As the Southern African Development Community chairperson of the Afrikan Youth Business Council I play an integral role in creating a conducive environment for women and youth to leverage the entrepreneurial ingenuity of Africa’s youth to drive cross-border trade in goods and services and make youth crucial contributors to the continent’s socioeconomic transformation.
Beru Lilako: Can you tell us about your work in agriculture and food sustainability in Africa?
Nandi Mkwanazi: As an organic farmer, my primary focus is on sustainable and environmentally friendly agricultural practices. I am deeply committed to producing food in a way that minimizes harm to the environment, preserves biodiversity, and supports the well-being of local communities. I am actively involved in advocacy and education efforts. By participating in local and international discussions, workshops, and conferences, I aim to raise awareness about the benefits of sustainable agriculture and push for policies that support it. My work is deeply intertwined with the global effort to shape agricultural production and enhance food sustainability. By championing sustainable practices, conserving biodiversity, empowering local communities, advocating for change, networking, and innovating, I hope to be a part of the solution to the pressing challenges facing agriculture in Africa and beyond.
Beru Lilako: What do you think might be the hindrance towards achieving sustainable food security as envisaged under the African Union Comprehensive Africa Agriculture Development Programme (CAADP)?
Nandi Mkwanazi: There are several hindrances that come to mind, while CAADP envisions sustainable food security in Africa, several hindrances and challenges can impede its achievement. I will focus on the five most crucial: Limited investment, infrastructure challenges, post-harvest losses, political instability and conflict, and policy and regulatory issues.

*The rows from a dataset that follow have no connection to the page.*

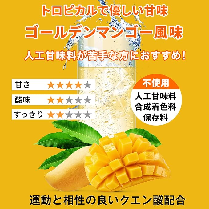 【人工甘味料不使用】絶妙な甘みと酸味を楽しめる徹底的にこだわったトロピカルなゴールデンマンゴー風味。人工甘味料が気になる方におすすめ!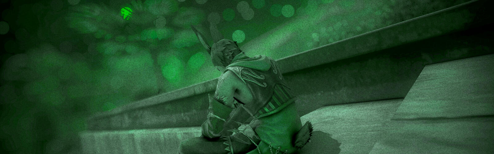 “It was an honor, then–a triumph, to survive all that?”Sure, but why sugarcoat it? That was the Green Word, a Golmore reality. Sheer luck was the reason he and his brothers survived as long as they did. As for honor, well, that was the purview of women. Their father died long before they learned his name.“And this Serpent–”Ask Maja. Jacks weren’t qualified to answer. It was the elders who revered the Wood guardians, elevated them to Rava godhood. And Maja, their faithful haruspex: her answer was as good as gold. She communed with meat-eating flowers to predict coeurl-queen weather, and she could tell if malboros were breeding just by examining the innards of a vinegaroon. It was possible she spoke directly to them, in the Old Tongue–which, according to Rava legend, could intercede to diresaurs and wyrms.“But what was the Serpent?”What is greatest? Ask that question, and its answer provides. The otherworldly Serpent: to Eryut, it was their sun-bright executioner; their priceless jury; a history of hungers, that all-consuming judge. Every Viera knew its shadow. Men were honored to die by its fangs.“To … die?”Yes. They died. The end.Where on Eorzea is there a story that keeps going after death?“No small wonder you left.”Silence, hard and oaken. Every time a conversation wound its way to this point Rafi would run a callused hand through his hair and blow out, whoo-hah, an anxious breath.“No small wonder—”Smiling, as pleasantly as he could muster, he would say, “could we talk about something else?”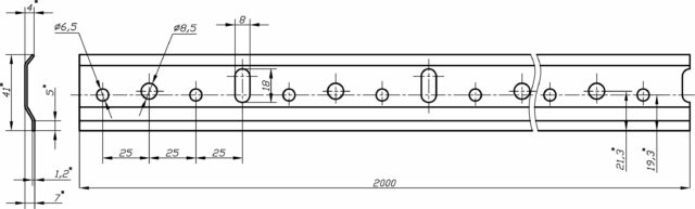Монтажная шина (рейка) для навесов предназначен для крепления ящиков верхнего яруса к стене с помощью различных типов навесов. Стандартная длина шины 2000 мм, но также применяются шины длиной 60, 80 и 100 мм. Шину можно монтировать как целиком, так и разрезая по необходимым размерам. Толщина металла у данной шины может быть 1.0, 1.2, 1.5 и 2,0 мм. Код 70 344 — облегченная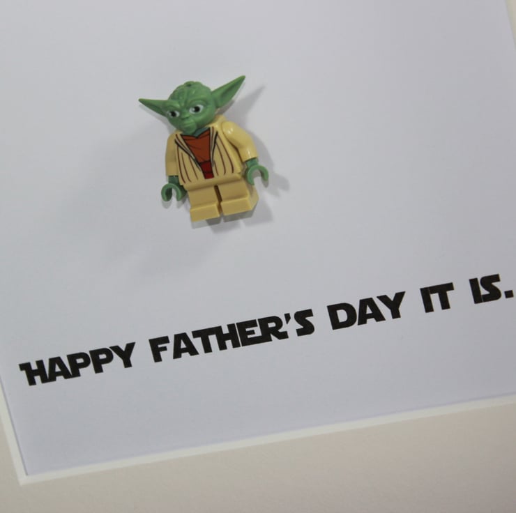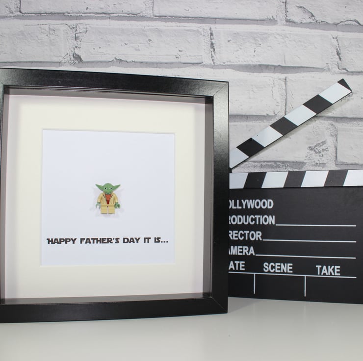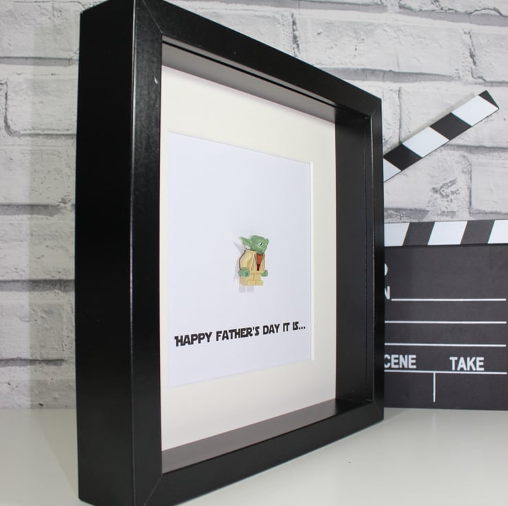 This deep box frame features an original Lego minifigure of Yoda mounted along with the words "Happy Father's Day it is..."

Many African countries still allocate inadequate funding to their agricultural sectors and it is a known fact that in order to achieve food security, significant investments are required in infrastructure, research, and extension services. The limited financial commitment we are seeing hinders the development of the agriculture sector. Post harvest losses and infrastructure challenges are intertwined. Insufficient transportation and storage infrastructure lead to post-harvest losses and reduce farmers’ income. This lack of infrastructure affects the overall food supply chain. It is a known fact that a significant percentage of food is lost after harvest due to inadequate storage and transportation facilities. Reducing post-harvest losses is critical for achieving food security however a dual approach that seeks to address the infrastructure challenges while minimizing post-harvest losses will yield impactful results.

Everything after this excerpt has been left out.